@timandes this is an interesting one. The reason we don’t put the iterator at the bottom of the block is that, earlier on in the block, we continue the loop if the number is not a prime number. If we don’t decrement the value of i first, this would result in us continually running the isPrime() function on a non-prime number, then continuing, then doing it again, forever. An infinite loop, in effect.
So therefore this fixes that:
while(i > 2) {
i--;
if(!isPrime(i)) {
continue;
}
para.textContent += `${i} `;
}
I’ve changed the exit condition to > 2. Because the lowest prime number is 2 — 1 and 0 don’t count as prime numbers! I’ve updated this in the question already.
Now, strictly speaking, the above answer is still a bit shonky, as we are reducing the value of i immediately before we actually do anything to it, so therefore 500 gets skipped completely. This doesn’t matter for the purposes of this code, because we know 500 is not a prime number, but it’s not a very good practice.
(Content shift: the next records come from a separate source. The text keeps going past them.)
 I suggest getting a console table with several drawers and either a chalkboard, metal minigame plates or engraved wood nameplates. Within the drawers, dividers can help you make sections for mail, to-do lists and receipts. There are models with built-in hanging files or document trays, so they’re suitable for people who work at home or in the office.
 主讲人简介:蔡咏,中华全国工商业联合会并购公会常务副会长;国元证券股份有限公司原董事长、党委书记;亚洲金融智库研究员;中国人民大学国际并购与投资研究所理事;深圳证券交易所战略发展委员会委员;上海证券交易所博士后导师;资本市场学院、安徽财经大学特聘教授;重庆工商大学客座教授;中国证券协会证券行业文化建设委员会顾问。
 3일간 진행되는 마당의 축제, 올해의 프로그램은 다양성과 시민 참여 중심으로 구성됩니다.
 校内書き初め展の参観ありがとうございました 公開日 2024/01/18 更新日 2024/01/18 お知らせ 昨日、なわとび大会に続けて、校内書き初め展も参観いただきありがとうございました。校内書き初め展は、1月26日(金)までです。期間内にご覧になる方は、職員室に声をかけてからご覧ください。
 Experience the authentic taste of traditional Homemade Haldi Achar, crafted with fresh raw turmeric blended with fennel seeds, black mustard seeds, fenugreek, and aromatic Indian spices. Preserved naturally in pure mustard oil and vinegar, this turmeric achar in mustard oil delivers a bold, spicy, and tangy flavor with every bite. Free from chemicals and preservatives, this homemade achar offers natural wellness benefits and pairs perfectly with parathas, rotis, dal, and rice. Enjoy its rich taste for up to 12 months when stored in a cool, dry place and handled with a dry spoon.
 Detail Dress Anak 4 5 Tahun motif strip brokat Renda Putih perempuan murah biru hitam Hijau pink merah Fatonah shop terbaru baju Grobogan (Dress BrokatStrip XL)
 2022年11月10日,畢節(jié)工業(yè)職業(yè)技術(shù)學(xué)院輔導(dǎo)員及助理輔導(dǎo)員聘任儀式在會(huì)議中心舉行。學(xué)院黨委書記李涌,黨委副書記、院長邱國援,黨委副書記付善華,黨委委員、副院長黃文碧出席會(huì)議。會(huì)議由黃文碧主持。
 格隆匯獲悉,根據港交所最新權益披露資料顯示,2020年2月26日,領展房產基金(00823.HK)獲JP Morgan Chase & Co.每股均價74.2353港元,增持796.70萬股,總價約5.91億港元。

In addition, you end up outputting 1 if you do i >= 2, which is the range we are told to work between, so therefore you have to end up putting i > 2. to make it work. But this is not very intuitive.
So therefore a better answer would be this:
while(i >= 2) {
if(!isPrime(i)) {
i--;
continue;
}
para.textContent += `${i} `;
i--;
}
It is difficult to write it more elegantly, because in the if block, the i-- has to come before the continue, otherwise we break out of the loop iteration and i-- never runs.